Rounding out the tough 10-game stretch, the Nuggets head out on the road for the final road trip of the 2021-22 regular season. The take on the Charlotte Hornets first before finishing our March in Indiana against the tanking Pacers. The Hornets are jockeying for seeding in the Eastern Conference which means they will be motivated against Denver, but the Pacers have nothing to play for. The Nuggets should beat Indiana if nothing else.

If Denver can find a way to win six of those 10 games, it would be a successful end to March, but as outlined above, that is easier said that done.

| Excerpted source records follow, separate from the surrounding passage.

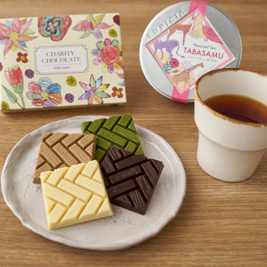 1箱で4つの味が楽しめると大好評のAARのチャリティチョコレート。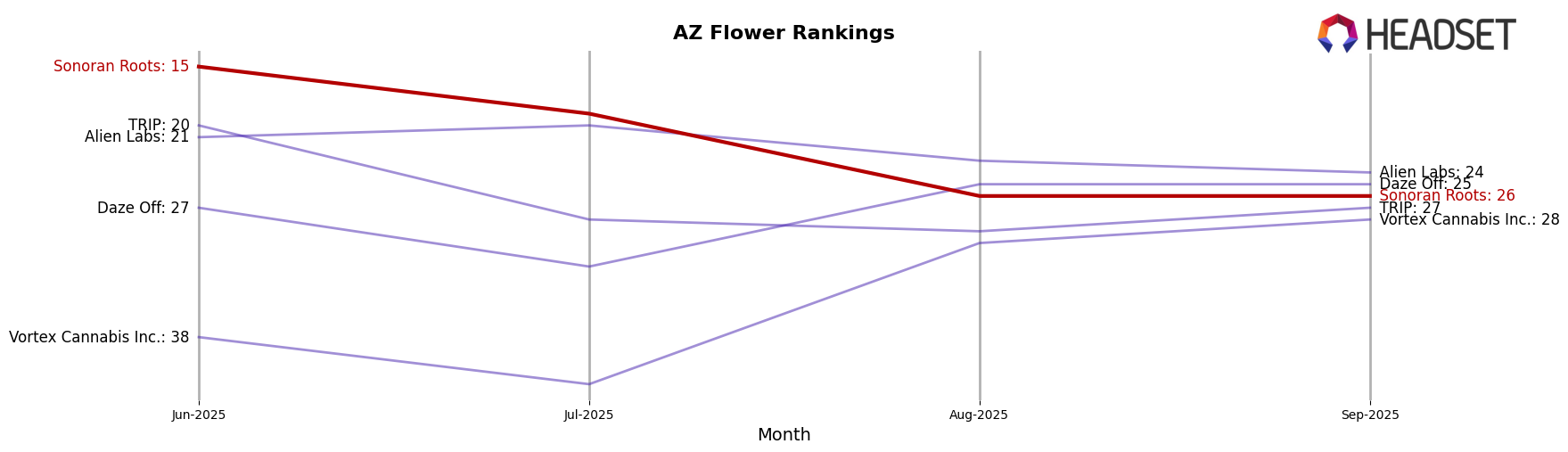 Sonoran Roots has shown a steady presence in the Arizona market, particularly in the Pre-Roll category, where it maintained a rank within the top 20 throughout the months from July to October 2025. Their ranking in this category slightly fluctuated but remained strong, moving from 14th in July to 15th in October. This consistency indicates a stable demand for their Pre-Roll products, even though sales saw a dip in August and September before recovering in October. In contrast, their performance in the Flower category has seen a gradual decline in rankings, slipping from 20th in July to 27th by October, suggesting a possible shift in consumer preferences or increasing competition in that category.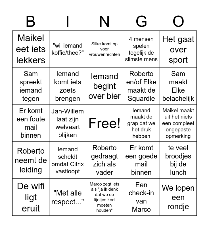 This bingo card has a free space and 24 words: Iemand scheldt omdat Citrix vastloopt, "Met alle respect...", Iemand begint over bier, De wifi ligt eruit, Het gaat over sport, Maikel eet iets lekkers, Sam spreekt iemand tegen, "wil iemand koffie/thee?", Iemand maakt de grap dat we het druk hebben, Roberto gedraagt zich als vader, Roberto en/of Elke maakt de Squardle, Er komt een foute mail binnen, Er komt een goede mail binnen, te veel broodjes bij de lunch, Iemand komt iets zoets brengen, Een check-in van Marco, Maikel maakt uit het niets een compleet ongepaste opmerking, Silke komt op voor vrouwenrechten, Sam maakt Elke belachelijk, Jan-Willem laat zijn welvaart blijken, We lopen een rondje, Roberto neemt de leiding, 4 mensen spelen tegelijk de slimste mens and Marco zegt iets als "ja ik denk dat we de lijntjes kort moeten houden".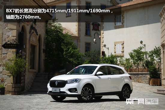 寶沃BX7定位于中型SUV,車身尺寸較同價(jià)位的途觀、CR-V等緊湊級(jí)SUV大出不少,長(zhǎng)寬高分別為4715mm/1911mm/1690mm,軸距為2760mm,超過(guò)一米九的車寬印證了其“智聯(lián)寬體SUV”的定位。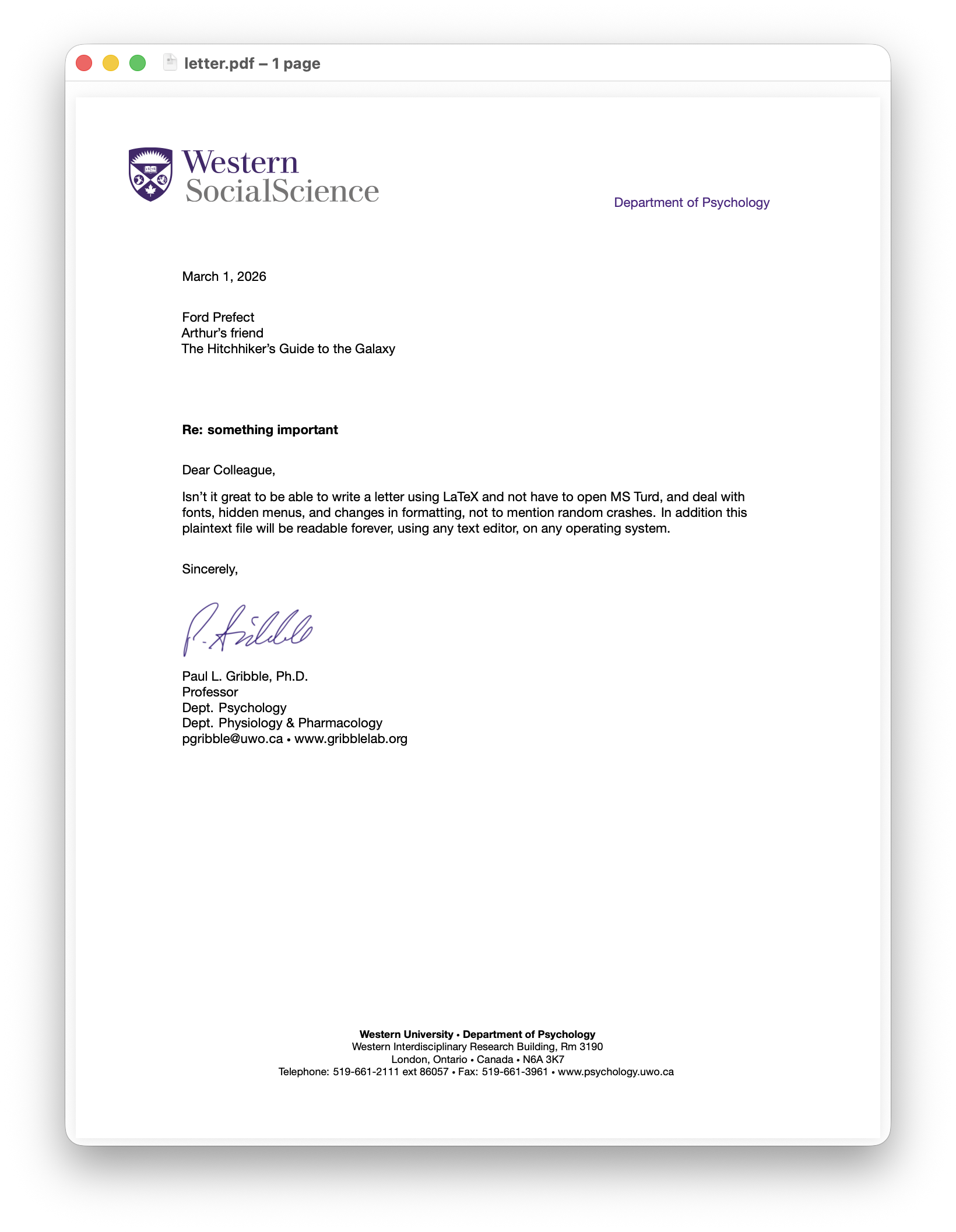 As a final example, some time ago I created a LaTeX style file that duplicates the official Western letterhead, so that I could easily write letters. As a result, I can write a letter like this: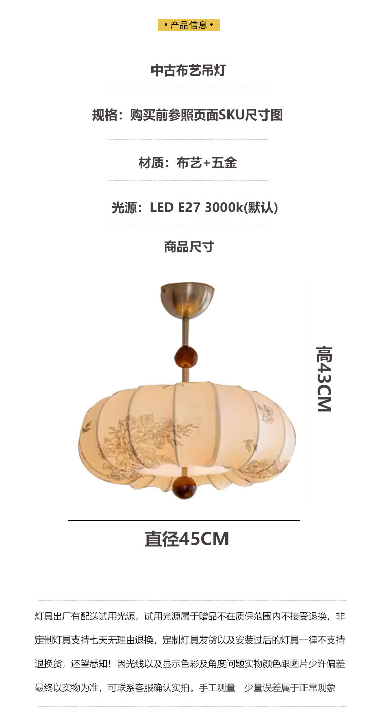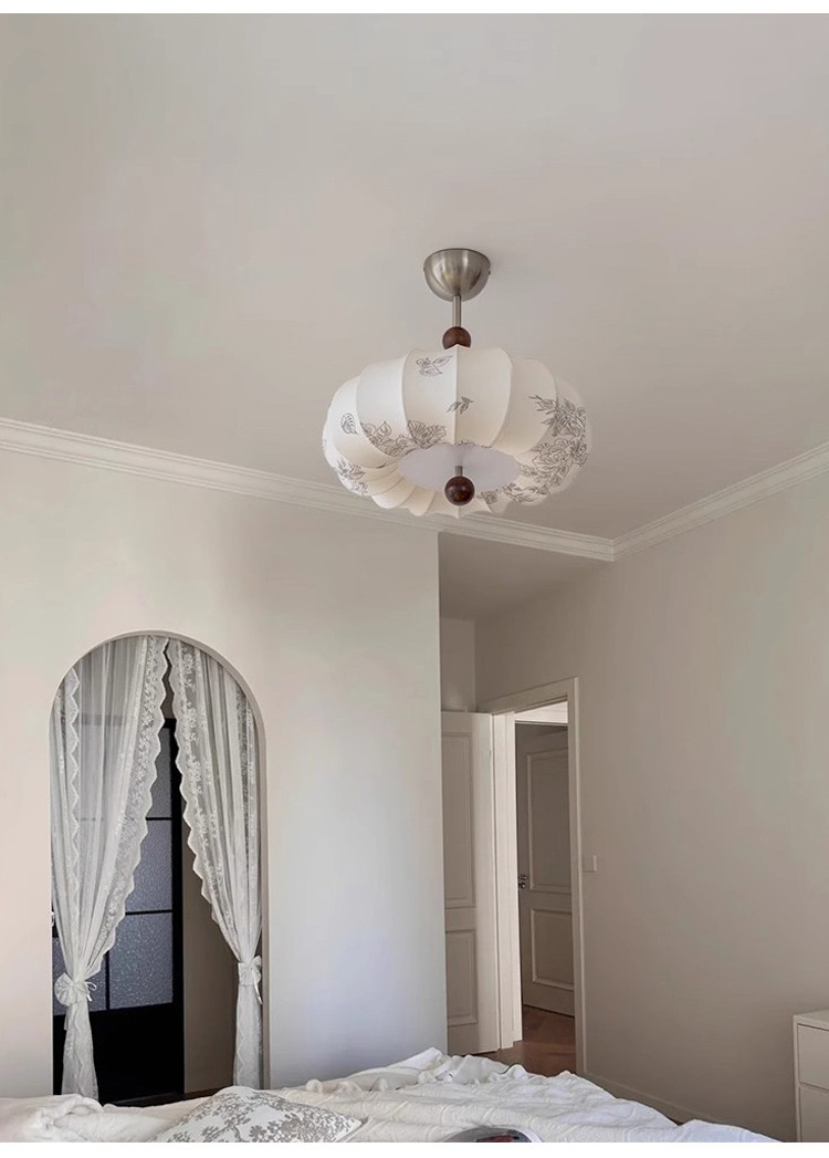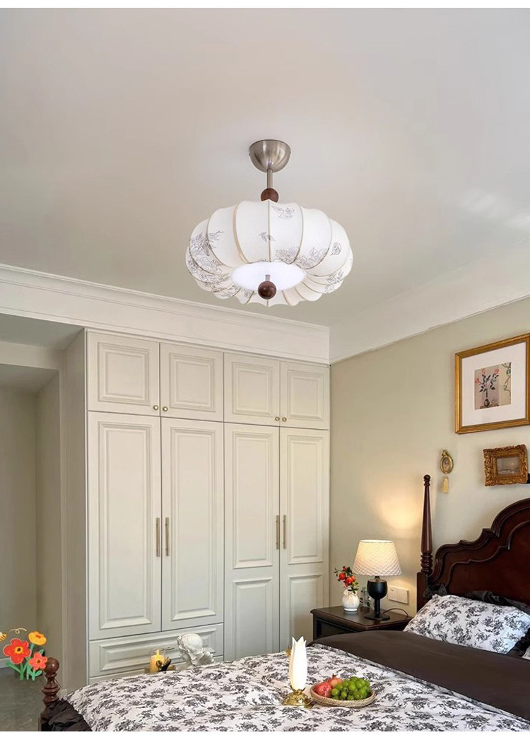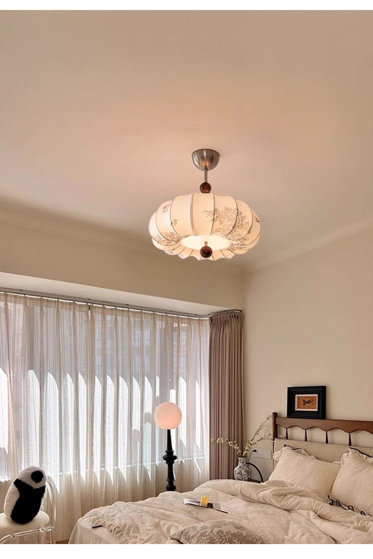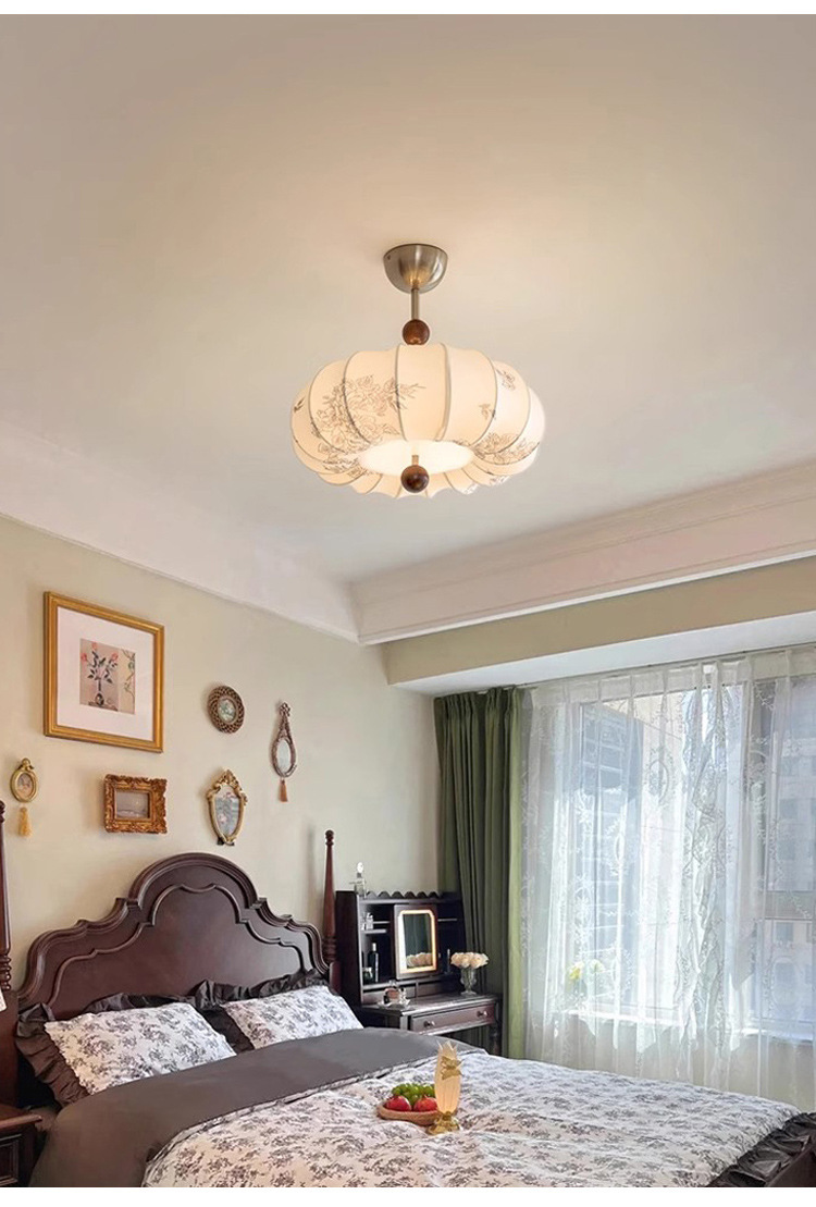 复古卧室灯实木南瓜吊灯法式风卧室吊灯花纹布艺南洋风温 馨浪漫灯

The final five-game push to the postseason

Denver has a lower degree of difficulty in their final five games of the regular season with four of them taking place in Denver and only one opponent being a sure-fire playoff team.

  • 4/1 vs MIN
  • 4/3 @ LAL
  • 4/5 vs SAS
  • 4/7 vs MEM
  • 4/9 vs LAL

Only one of their final five games are against an opponent currently in the top-six seeds of either conference, but that does not mean their opponents will be tanking. The Minnesota Timberwolves and Los Angeles Lakers are both currently the seventh and 9th seeds respectively which means they will be playing for their playoff lives when they battle with the Nuggets. Even the San Antonio Spurs — who sit in the 11th seed; just two games out of the play-in tournament — could still be un the hunt when Denver faces them in the Mile High City on April 5th.

One interesting tidbit of the Nuggets final five games is the possibility they are the difference in the Lakers season. Could Denver defeat Los Angeles twice in the final five games of the season and force them into the 10th or 11th seed? Could they push them completely out of the play-in tournament and, in turn, the playoffs? That potential exists and it would be foolish to think Denver would not be motivated to eliminate the Lakers before the playoffs even arrive.

It won’t be a walk in the park, but the Nuggets should be able to come away with three wins over their last five games one way or another; depending if they look to rest players or not.

Denver’s schedule is not the easiest in basketball to close out the regular season, but they should not have any complaints overall. They have plenty of winnable games, multiple opportunities to rest core players, more home games than not, and even a handful of home  games.

It can be hard to predict forward when so many teams either begin tanking, resting their players, or fighting for their playoff lives, but the Nuggets have a chance to go 15-9 over their last 24 games of the season which would bring their record to 48-34 by the end of the season; inching over the 47.5 win total set for them to begin the season according to FanDuel Sportsbook.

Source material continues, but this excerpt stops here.